Illegal Immigration Reform and Immigrant Responsibility Act ("IIRIRA"), Pub.L. No. 104-208, 110 Stat. 3009, § 304(B) (1996); Anti-Terrorism and Effective Death Penalty Act ("AEDPA"), Pub.L. No. 104-132, 110 Stat. 1214, § 440(d) (1996)
We have held that the exhaustion requirement of section 1326(d) may be satisfied by a defendant who — despite failing to exhaust administrative remedies previously available to him — subsequently filed a motion to reopen his case and, if that motion were denied, appealed that denialSee Copeland, 376 F.3d at 67; United States v. Perez, 330 F.3d 97, 101 (2d Cir.2003). Calderon did not file a motion to reopen his case.

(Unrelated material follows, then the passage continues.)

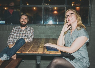 (L-R) Chris and Anna Brozek of Big Cartel hang out outside Publik on the tables Publik recently added. Photo: @clancycoop

The futility exception to the exhaustion requirement has been eliminated, with one "qualification."See Copeland, 376 F.3d at 66-67 ("[T]here is no futility exception, with one qualification ... to statutory exhaustion requirements."). This qualification "excuses a litigant from a statutory exhaustion requirement `where the relevant administrative procedure lacks authority to provide any relief or to take any action whatsoever in response to a complaint.'" Id. (quoting Booth v. Churner, 532 U.S. 731, 736, 121 S.Ct. 1819, 149 L.Ed.2d 958 (2001)). There is no argument on appeal that this qualification applies here, and we see no indication in the record that such an argument would be well-founded.